Terkait ongkos politik caleg ini, Direktur Nurani Strategic, Nurmal Idrus punya analisis tersendiri. Menurutnya, tak bisa menentukan nominal pasti dari biaya seorang caleg mengarungi ajang Pileg. Sebab, katanya, ada faktor dominan yang mempengaruhi besar kecilnya dana yang harus dikeluarkan seorang caleg.

"Untuk menghitung biaya yang harus dikeluarkan caleg, tentu sangatlah relatif. Sebab, keterpilihan seseorang diyakini bukan hanya karena faktor dana. Ada caleg yang membutuhkan dana besar, karena merasa popularitas dan keterpilihannya masih rendah, dan untuk itu ia harus meningkatkan intensitas kampanye berlipat lipat untuk meraih peningkatan keterkenalan," tuturnya kepada Rakyatku.com, Minggu (18/11/2018).

Menurut Nurmal, popularitas dan tingkat keterpilihan yang masih rendah tersebut, merupakan faktor utama meningkatnya pengeluaran seorang caleg. Sebab, menurutnya, tak banyak opsi yang bisa dipilih oleh seorang caleg untuk mengejar ketertinggalannya, selain mengintenskan kampanye yang tentu akan menguras pundi-pundi keuangannya. 
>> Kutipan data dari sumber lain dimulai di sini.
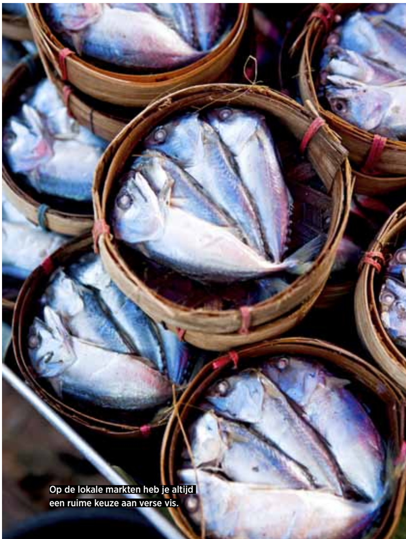
Op de lokale markten heb je altijd een ruime keuze aan verse vis.

Hal ini, lanjut Nurmal, terutama dialami para caleg yang baru pertama kali menjajal ajang Pileg.

"Itu faktor dominannya. Tak banyak cara yang bisa dilakukan caleg, terutama caleg baru selain melipatgandakan kampanye, untuk mengatasi ketertinggalan keterkenalannya. Faktor lainnya, juga karena strategi mereka. Apakah mereka mau bermain di wilayah lebar dengan banyak TPS (Tempat Pemungutan Suara) atau bermain sempit dengan efektif di sebagian TPS," jelasnya.

Nurmal mengaku punya cara tersendiri untuk menghitung ongkos politik tersebut, terutama anggaran yang dihabiskan selama tahapan kampanye. Metode tersebut dengan menjumlahkan perkiraan biaya sosialisasi, dengan jumlah pemilih dan TPS yang jadi prioritas sang caleg.
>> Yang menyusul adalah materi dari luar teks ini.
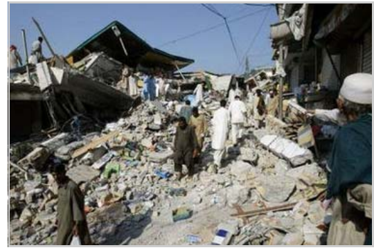
El total de muertos debido a un terremoto ocurrido en Pakistán el 8 de octubre del 2005, fué de unos 87,350; luego de un nuevo conteo. Unas 69,000 personas fueron severamente heridas.

— viene de la pág. 5 tierra. El liberalismo está basado en las ideas del hombre, sus deseos, esperanzas, temores, sufrimientos y dificultades. "Debemos darle al hombre lo que él necesita" es el punto central de este mensaje, desde que ha entrado en las iglesias. Este tema ha sido tan bien aceptado por las principales iglesias, que el mismo Karl Marx no pudo haber escrito mejor plan para la secularización de las instituciones religiosas. Lo que ha pasado desde que estos ideales han sido aceptados en todo o en parte, es que la verdadera oración, fe y misión de la iglesia, han sido reemplazados por la solidaridad humana, el ecumenismo y las alianzas políticas; las cuales eventualmente se volvieron el nuevo tema y punto central de la iglesia.

"Cara terbaik untuk menghitung anggaran kampanye, adalah seberapa banyak jumlah pemilih dan TPS. Seorang caleg bisa menghitung anggarannya dengan basis TPS, yang disesuaikan dengan jumlah pemilih yang ditarget di TPS itu. Kisaran biaya dengan menggunakan koefisien TPS itu, kira-kira berada di angka 2-3 juta per TPS," ungkapnya.

Lalu item apa yang paling banyak menyerap biaya? Mantan Ketua KPU Makassar ini melihat, Alat Peraga Kampanye (APK) sebagai item pokok yang menggerus anggaran seorang caleg.

"Pengeluaran paling besar menurut saya, ada di pengadaan alat peraga kampanye, maintenance tim dan popularitas serta electability building," tutupnya.